Updating Guidance; EPS Effect

The Company is increasing full year non-GAAP EPS guidance by $0.02 due to the accretive nature of the transaction to $3.27 to $3.37, up from previous guidance of $3.25 to $3.35. The full year GAAP EPS is expected to be lower by approximately $0.10 and the first quarter GAAP EPS is expected to be lower by approximately $0.50 due to the one-time non-cash accounting impact of the redemption of the preferred shares. The Company does not expect this change to impact its first quarter non-GAAP EPS guidance, which is reaffirmed. Excluded from the full year and first quarter GAAP EPS guidance is the potential one-time accounting impact associated with the modification to the lock-up period. Therefore, the Company believes that a reconciliation of non-GAAP EPS to its most directly comparable GAAP financial measure, GAAP EPS, is not meaningful or available without unreasonable effort. All other previous guidance is reaffirmed.

Share Repurchase Programs

NCR has repurchased approximately 4.4 million shares of its common stock for approximately $204 million thus far in 2017 under its previously disclosed authorized share repurchase programs. As part of this transaction, NCR plans to increase its planned 2017 share repurchases to approximately $350 million from the previous $300 million.

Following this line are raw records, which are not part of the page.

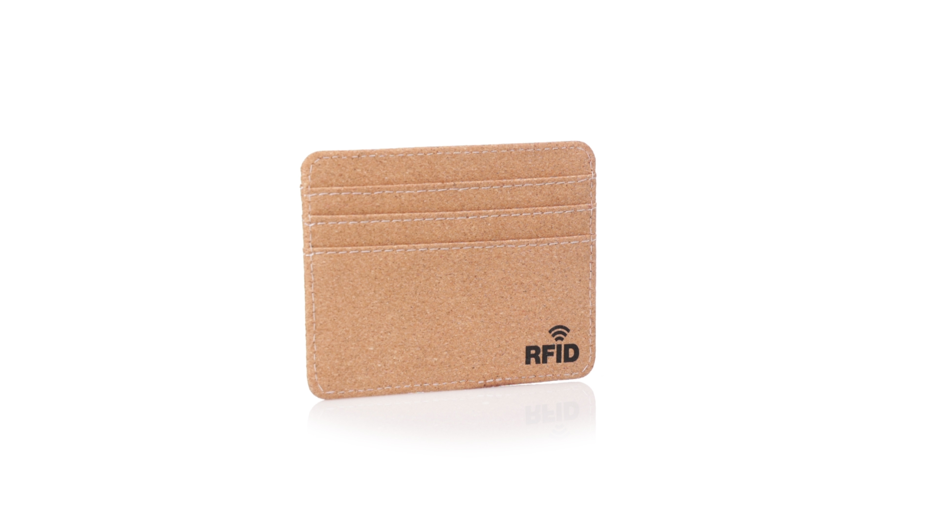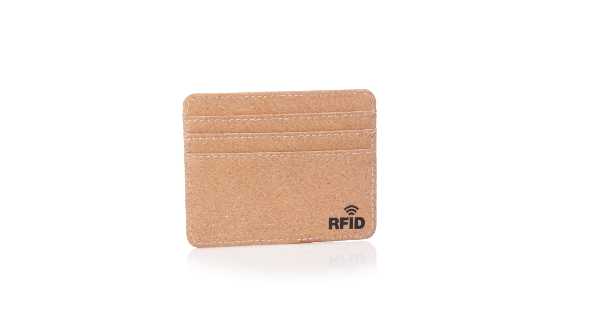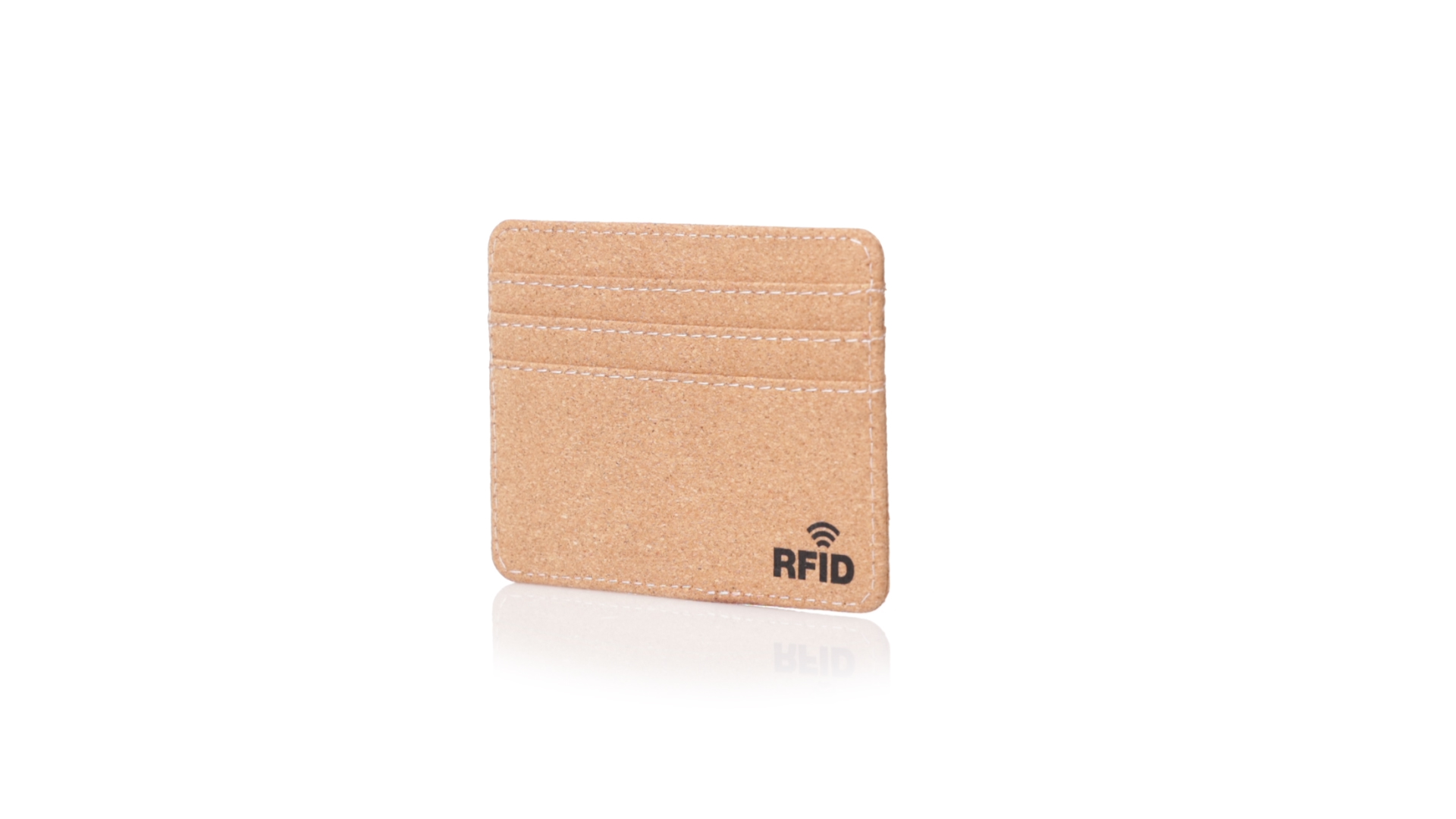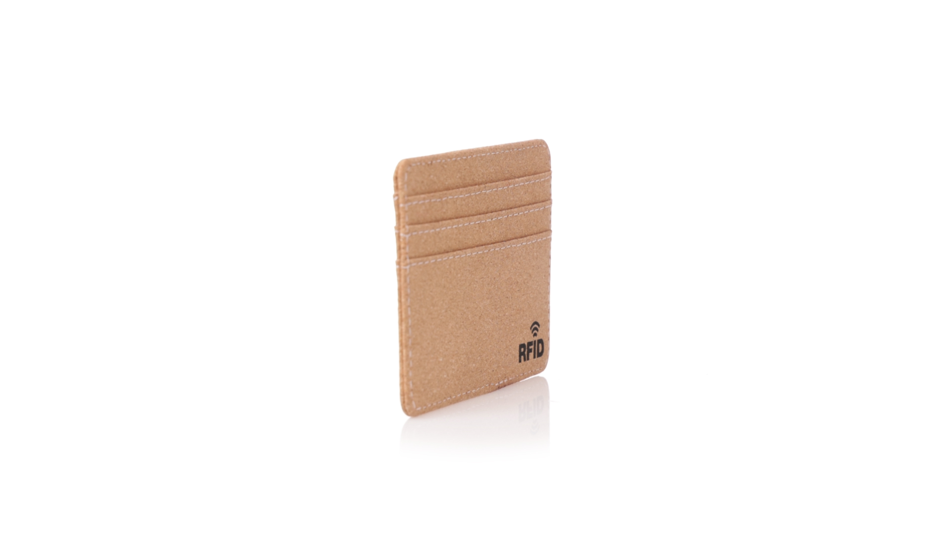 Eleganter Kartenhalter aus Naturkork. Mit 6 unabhängigen Fächern für Karten. RFID (Radio Frequency Identification) Sicherheitstechnologie, die die Kartendaten schützt. RFID unverwechselbar aussen.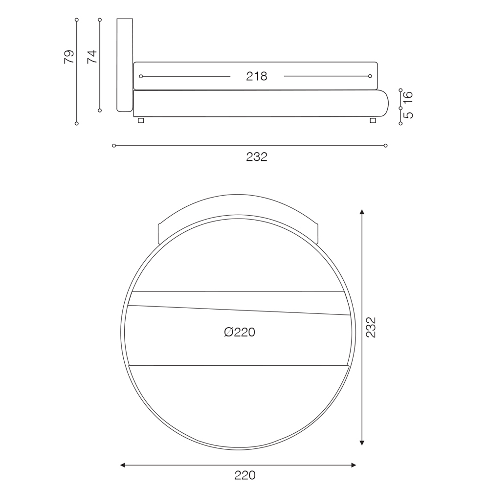 - Versão com diâmetro de 218 cm com placa de poliuretano, H 18 cm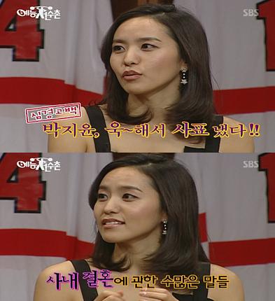 박지윤은 12일 방송된 SBS ‘야심만만 시즌2-예능선수촌’에 출연해 “왜 사표를 냈느냐?”는 MC 강호동의 질문에 “사내 연애를 했는데 같이 다니기만 해도 이러쿤 저러쿵 너무 말이 많아 싫었다. 내 결혼에 사람들이 당사자인 내가 없는 상황에서 말하는 게 불편했다”며 불편한 사내 연애 때문에 사표를 낸 사실을 밝혔다.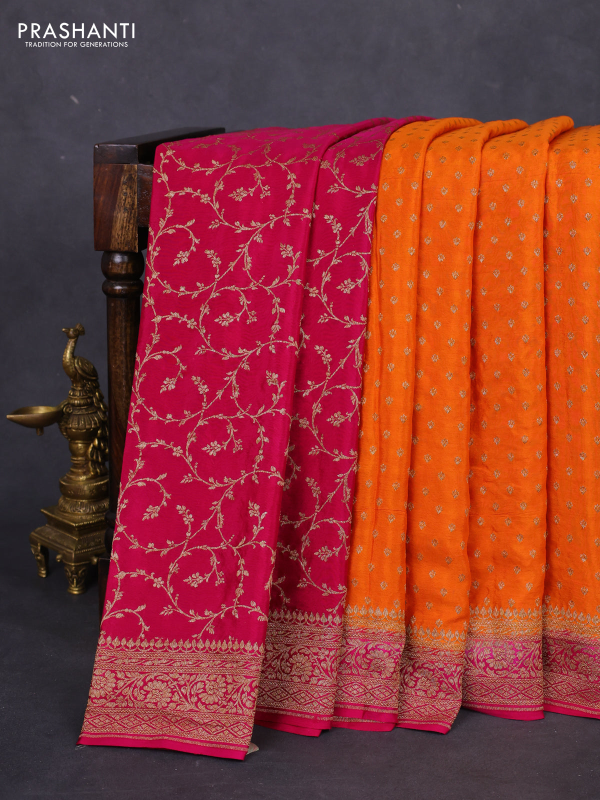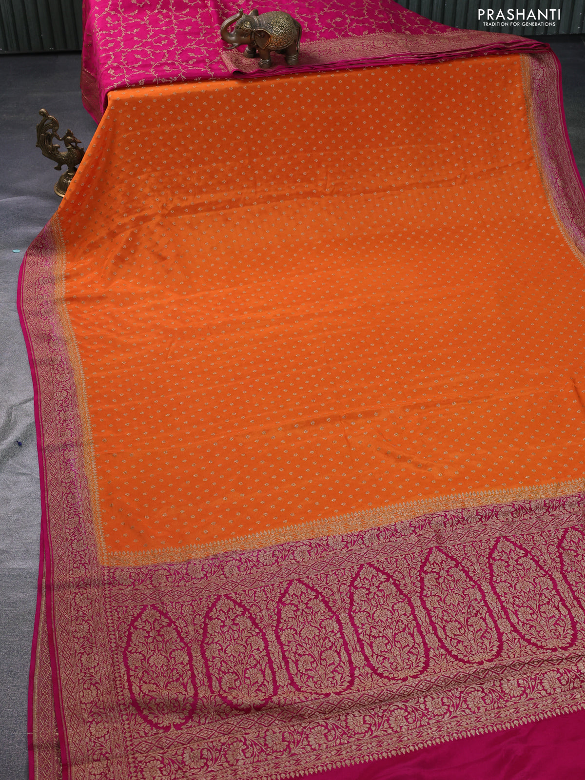 Banarasi crepe partly saree orange and pink with allover thread & zari woven butta weaves and woven border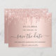 A girly and trendy Save the Date card for a 40th (or any age) birthday party. A feminine pink, rose gold background decorated with drips. Personalise and add a date and name/age 40. Dark rose gold coloured letters. The text: Save the Date is written with a large trendy hand lettered style script.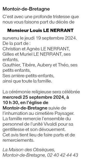 Cet espace « condoléances » est dédié à la mémoire de Monsieur Louis LE NERRANT.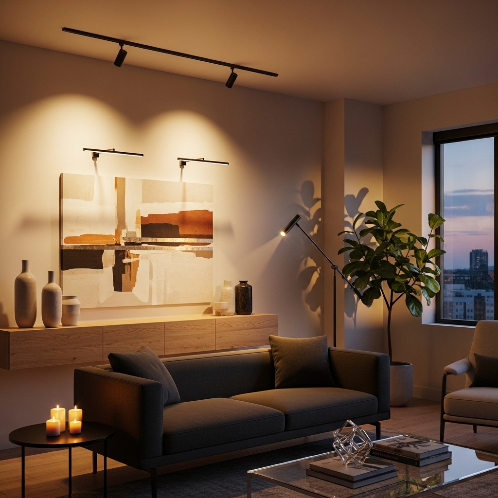 How to apply: Use spotlights or picture lights for artwork. Keep brightness subtle.
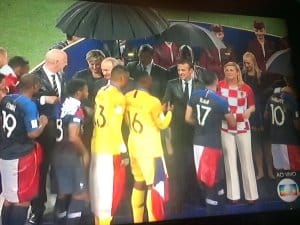 Os dois desceram juntos, de mãos dadas, ao gramado para participarem da entrega da premiação. Na cerimônia, sempre sorridente e emocionada, presenteou-nos com um seu sorriso, abraçando a todos os jogadores, tanto da Croácia quanto da França..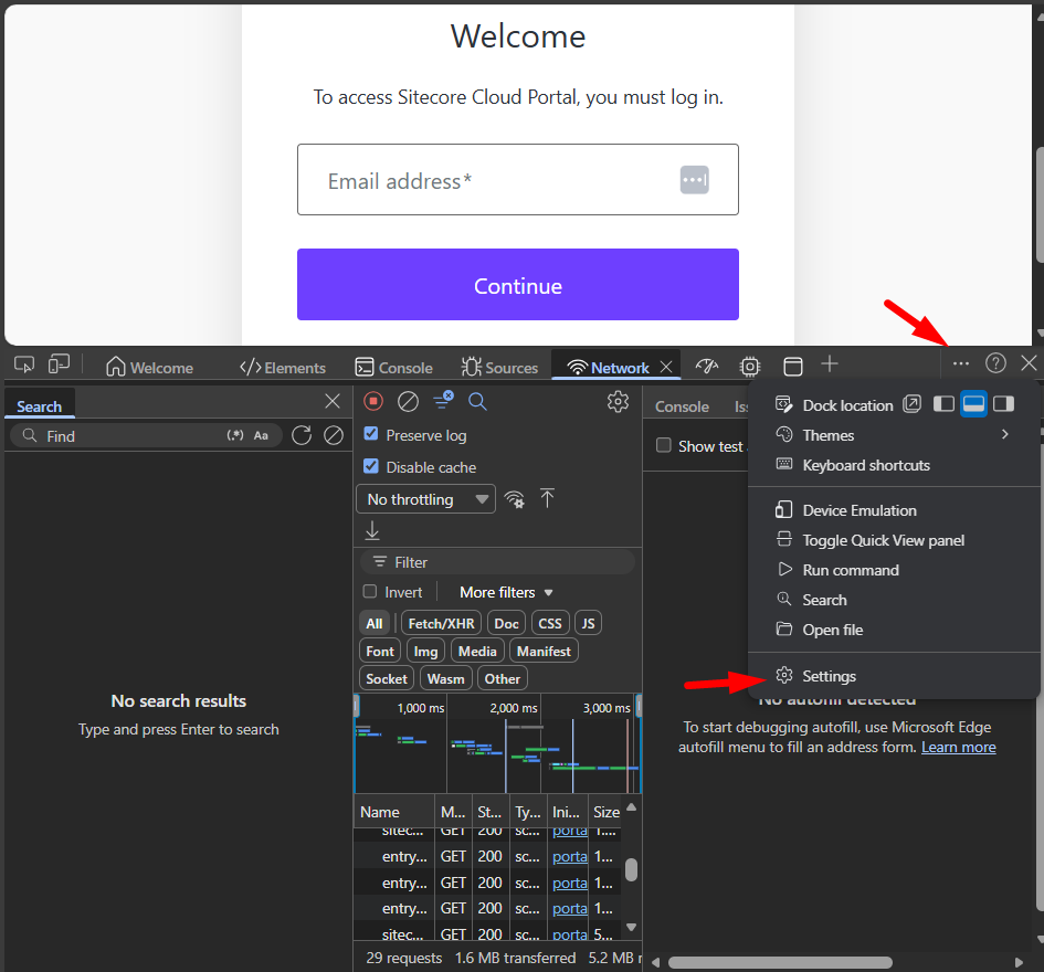To get a HAR file with sensitive data in Google Chrome or Microsoft Edge, enable a specific DevTools setting and then export the log file from the Network tab.

Additionally, on March 12, 2017, the Company’s board of directors authorized a new $300 million share repurchase program to succeed its 2016 program, under which no availability will remain following the repurchase of shares from Blackstone. The timing and amount of any repurchases under the new program will depend upon market conditions. Repurchases under the new program may be made from time to time in the open market, private transactions, accelerated stock repurchase programs, issuer self-tenders or otherwise, and may be discontinued at any time.